This would not have been Toronto's first choice. Edwin Encarnacion was the Blue Jays' top priority at the start of free agency, and William Fowler quickly became a prime target as well. If the Blue Jays had signed either player they would have been out on Bautista, but since they didn't, there's still money to spend and roster holes to fill.
Bautista is the best available bat to fill Toronto's needs. His range in right field has diminished, but he could probably play there for one more year while also seeing a little bit of time at first base and DH. Reinserting his bat into a lineup that features Josh Donaldson, Kendrys Morales and Troy Tulowitzki also would greatly improve the Blue Jays' chances in the AL East.
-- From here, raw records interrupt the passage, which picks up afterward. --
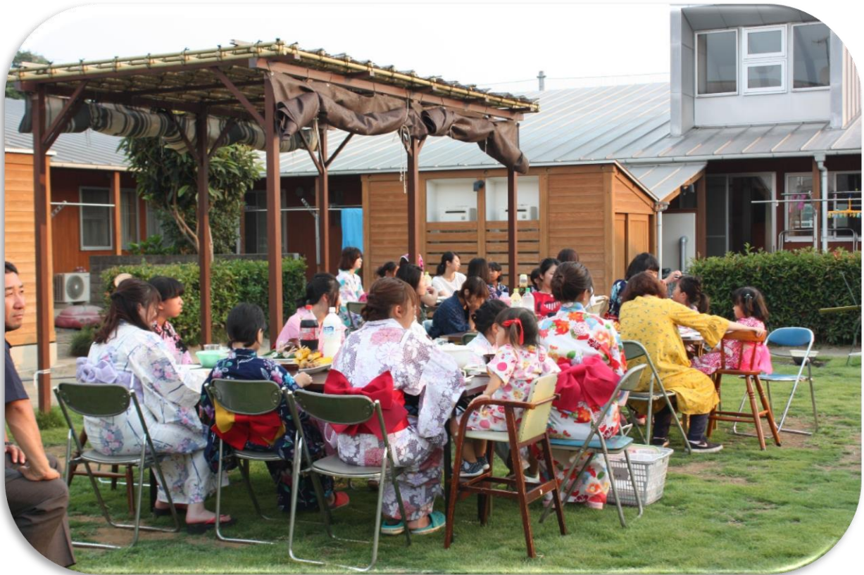
中庭でのガーデンパーティーの様子 (7月)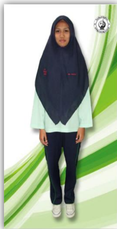
ชุดพลະหญิง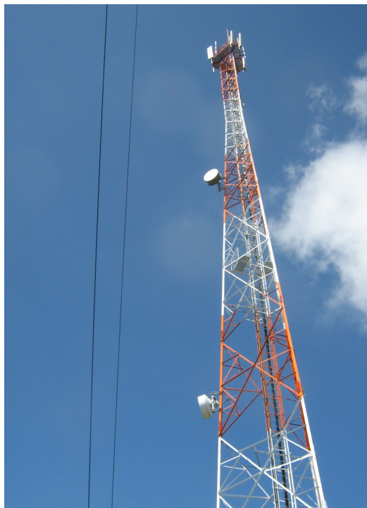
Torre cercana - Comcel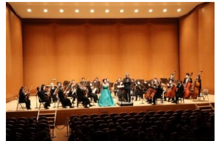
ガラ・コンサート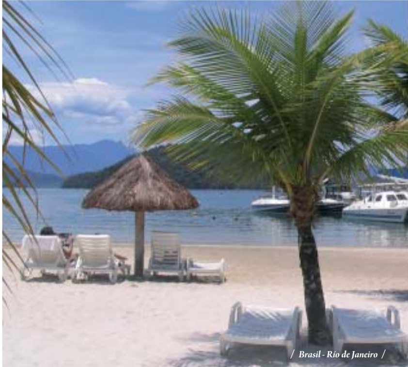
/ Brasil - Río de Janeiro /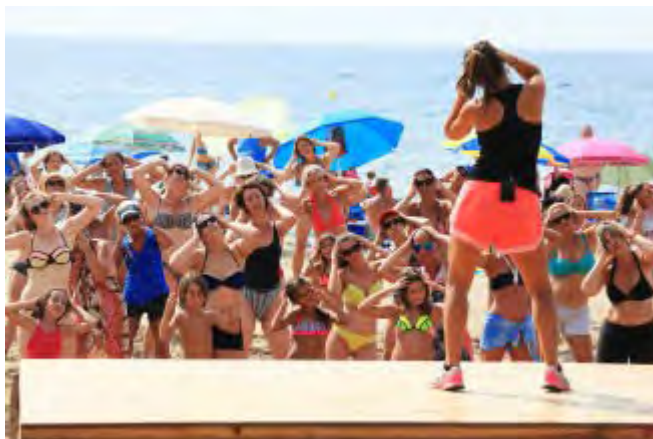
L'aeròbic platja arriba l'1 de juliol a Roses

Un estiu més, l'Àrea d'Esports de l'Ajuntament de Roses ofereix les sessions d'aeròbic platja durant els mesos de juliol i agost a les platges del Salatar i de Santa Margarida. Aquesta activitat, que s'iniciarà dilluns 1 de juliol, permet practicar esport a l'aire lliure d'una forma divertida i refrescar-se amb un bany en finalitzar la sessió.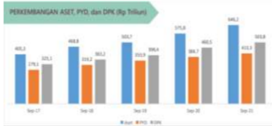
Gambar 1 Aset, PYD dan DPK 2017-2021

Berdasarkan gambar 1.1 terlihat tren yang positif dari perkembangan peningkatan aset, PYD dan DPK dari tahun 2017-2021. Hal ini menunjukkan tren yang cukup baik berkembangnya kinerja keuangan perbankan syariah di Indonesia yang terus mengalami peningkatan.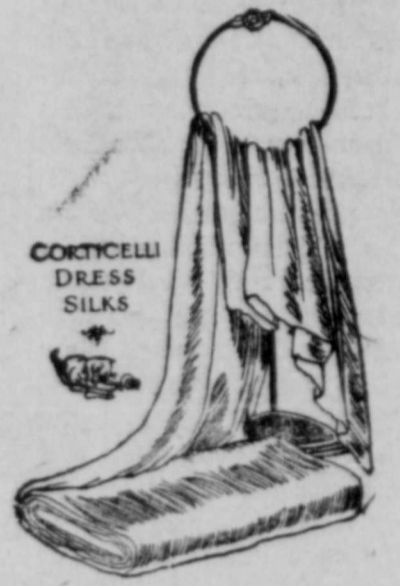
CORTICELLI DRESS SILKS

Die Muster dieser figurierten Seidenstoffe sind wirklich entzückend: sie sind klein und zierlich, in bezaubernden farbenkombinationen. Die Farben harmonisieren mit dem Besatz in irgend einer gewünschten Schattierung.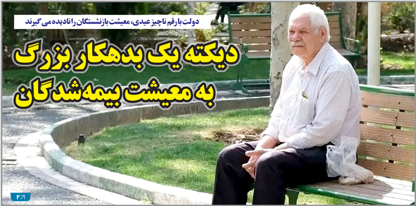
دولت با رقم ناچیز عیدی، معیشت باز تنگسازان را نادیده می‌گیرد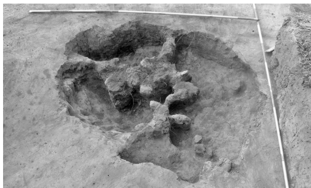
Obr. 84. Modrá. Středohradištní pec, pohled ze severu.

Abb. 84. Modrá. Ofen aus der mittleren Burgwallzeit, Blick von Norden.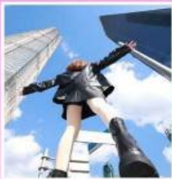
3 ตึกใหญ่ แห่งเมือง เซี่ยงไฮ้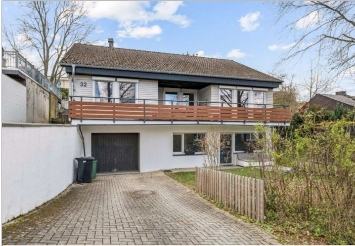
Eppstein Einfamilienhaus (8)

From Bautista's perspective, a one-year deal isn't ideal, but it would allow him to re-enter free agency next offseason without a qualifying offer hanging around his neck. Teams have been reluctant to part with a Draft pick to sign him, but Bautista won't face a similar problem next winter because of changes to the Collective Bargaining Agreement, which stipulates that a player cannot receive a QO more than once in his career.
The only way Bautista can avoid the Draft-pick situation this year is to wait until June to sign. That's an extremely risky scenario and one that typically has not paid off for other players. It's in Bautista's best interest to start the year on time, and while the Blue Jays might want that compensatory pick, it becomes a moot point if Bautista can't find an acceptable deal elsewhere.